→ YOUR TASK:
Your reply should be one number, which is how many lines in the listing below contain "областей".

BEGIN THE DATA

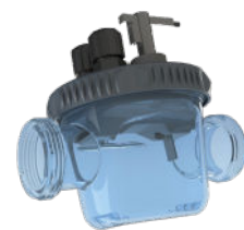
Messkammer Nur Phileo POD VP
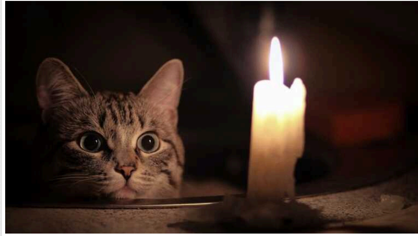
У низці областей запровадили аварійні відключення світла через аномальну спеку

В низці областей України через аномальну спеку та збільшення дефіциту в енергосистемі були запроваджені екстрені відключення світла.
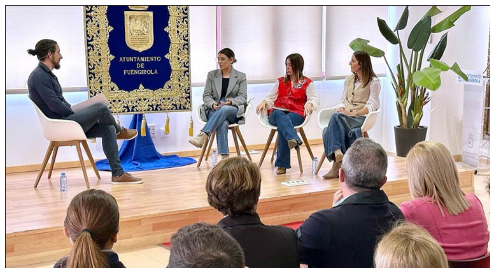
Un momento de la mesa redonda sobre liderazgo femenino en el tercer sector celebrada tras la lectura del manifiesto.

En el manifiesto se recuerda que “a lo largo de la historia se ha teni-
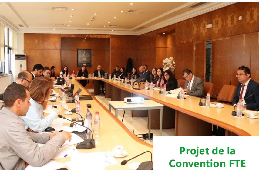
Projet de la Convention FTE
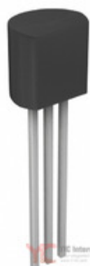
Image may be representation. See specs for product details.

END THE DATA

→ RESULT OF THE TASK:
2